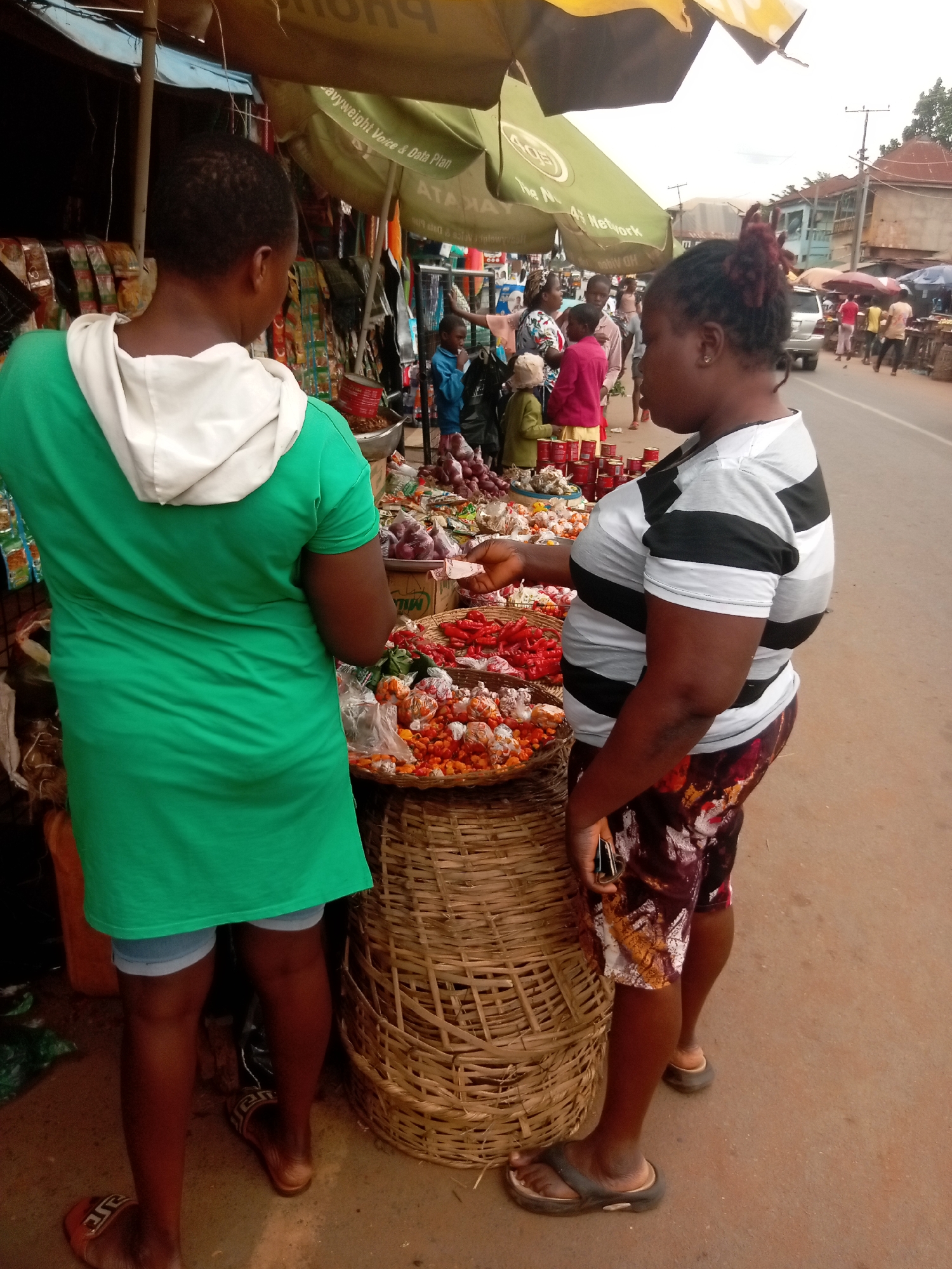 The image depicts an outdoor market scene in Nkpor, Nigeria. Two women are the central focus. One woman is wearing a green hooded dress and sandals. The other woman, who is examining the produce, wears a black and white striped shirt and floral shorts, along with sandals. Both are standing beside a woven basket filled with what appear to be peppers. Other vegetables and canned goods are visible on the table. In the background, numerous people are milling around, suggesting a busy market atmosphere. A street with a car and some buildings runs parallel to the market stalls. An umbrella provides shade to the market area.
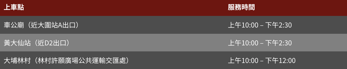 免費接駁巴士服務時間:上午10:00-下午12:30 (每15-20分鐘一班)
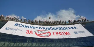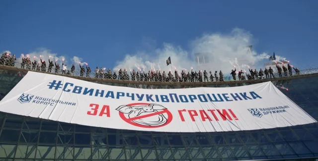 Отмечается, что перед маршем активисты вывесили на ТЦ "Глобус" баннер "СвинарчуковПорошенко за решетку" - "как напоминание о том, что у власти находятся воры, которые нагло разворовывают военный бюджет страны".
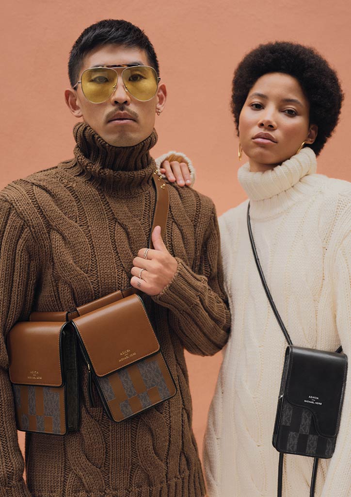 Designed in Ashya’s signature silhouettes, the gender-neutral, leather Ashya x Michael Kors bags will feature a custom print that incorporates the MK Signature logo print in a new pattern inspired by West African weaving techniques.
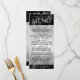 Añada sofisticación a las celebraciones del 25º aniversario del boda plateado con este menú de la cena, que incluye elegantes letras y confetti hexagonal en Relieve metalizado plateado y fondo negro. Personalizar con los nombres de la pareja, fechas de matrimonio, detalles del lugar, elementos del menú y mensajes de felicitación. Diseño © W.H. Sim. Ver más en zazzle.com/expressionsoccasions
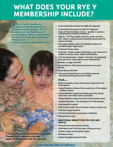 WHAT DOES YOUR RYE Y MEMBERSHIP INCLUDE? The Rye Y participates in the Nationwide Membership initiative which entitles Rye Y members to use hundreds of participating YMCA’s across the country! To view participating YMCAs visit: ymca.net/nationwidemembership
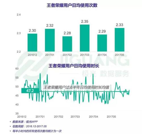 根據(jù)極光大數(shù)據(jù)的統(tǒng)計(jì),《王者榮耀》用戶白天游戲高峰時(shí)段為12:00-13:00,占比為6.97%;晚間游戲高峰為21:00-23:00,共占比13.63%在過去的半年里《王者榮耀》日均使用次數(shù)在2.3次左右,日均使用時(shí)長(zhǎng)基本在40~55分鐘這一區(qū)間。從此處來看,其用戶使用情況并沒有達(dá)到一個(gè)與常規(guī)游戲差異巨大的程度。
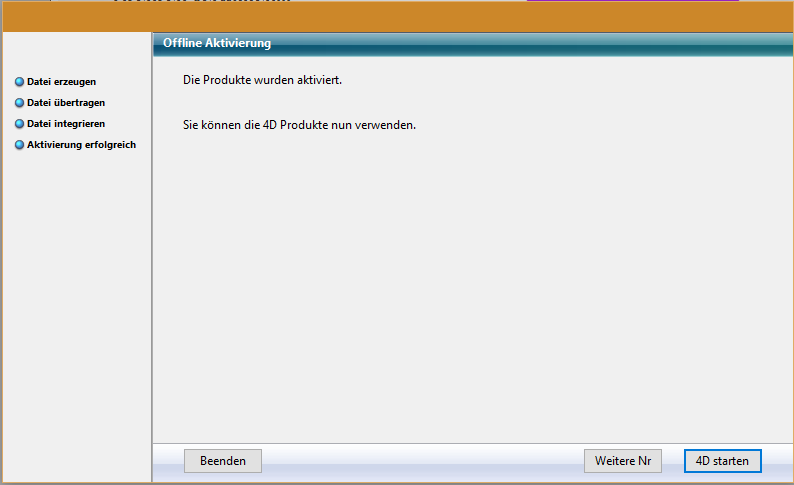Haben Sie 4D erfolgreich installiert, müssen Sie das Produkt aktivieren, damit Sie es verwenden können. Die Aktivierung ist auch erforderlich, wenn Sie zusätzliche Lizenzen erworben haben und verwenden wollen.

──────

What's needed is an exact copy of every entry, minus the pictures.

 The image depicts an outdoor market scene in Nkpor, Nigeria. Two women are the central focus. One woman is wearing a green hooded dress and sandals. The other woman, who is examining the produce, wears a black and white striped shirt and floral shorts, along with sandals. Both are standing beside a woven basket filled with what appear to be peppers. Other vegetables and canned goods are visible on the table. In the background, numerous people are milling around, suggesting a busy market atmosphere. A street with a car and some buildings runs parallel to the market stalls. An umbrella provides shade to the market area.
 免費接駁巴士服務時間:上午10:00-下午12:30 (每15-20分鐘一班)
 Отмечается, что перед маршем активисты вывесили на ТЦ "Глобус" баннер "СвинарчуковПорошенко за решетку" - "как напоминание о том, что у власти находятся воры, которые нагло разворовывают военный бюджет страны".
 Designed in Ashya’s signature silhouettes, the gender-neutral, leather Ashya x Michael Kors bags will feature a custom print that incorporates the MK Signature logo print in a new pattern inspired by West African weaving techniques.
 Añada sofisticación a las celebraciones del 25º aniversario del boda plateado con este menú de la cena, que incluye elegantes letras y confetti hexagonal en Relieve metalizado plateado y fondo negro. Personalizar con los nombres de la pareja, fechas de matrimonio, detalles del lugar, elementos del menú y mensajes de felicitación. Diseño © W.H. Sim. Ver más en zazzle.com/expressionsoccasions
 WHAT DOES YOUR RYE Y MEMBERSHIP INCLUDE? The Rye Y participates in the Nationwide Membership initiative which entitles Rye Y members to use hundreds of participating YMCA’s across the country! To view participating YMCAs visit: ymca.net/nationwidemembership
 根據(jù)極光大數(shù)據(jù)的統(tǒng)計(jì),《王者榮耀》用戶白天游戲高峰時(shí)段為12:00-13:00,占比為6.97%;晚間游戲高峰為21:00-23:00,共占比13.63%在過去的半年里《王者榮耀》日均使用次數(shù)在2.3次左右,日均使用時(shí)長(zhǎng)基本在40~55分鐘這一區(qū)間。從此處來看,其用戶使用情況并沒有達(dá)到一個(gè)與常規(guī)游戲差異巨大的程度。
Haben Sie 4D erfolgreich installiert, müssen Sie das Produkt aktivieren, damit Sie es verwenden können. Die Aktivierung ist auch erforderlich, wenn Sie zusätzliche Lizenzen erworben haben und verwenden wollen.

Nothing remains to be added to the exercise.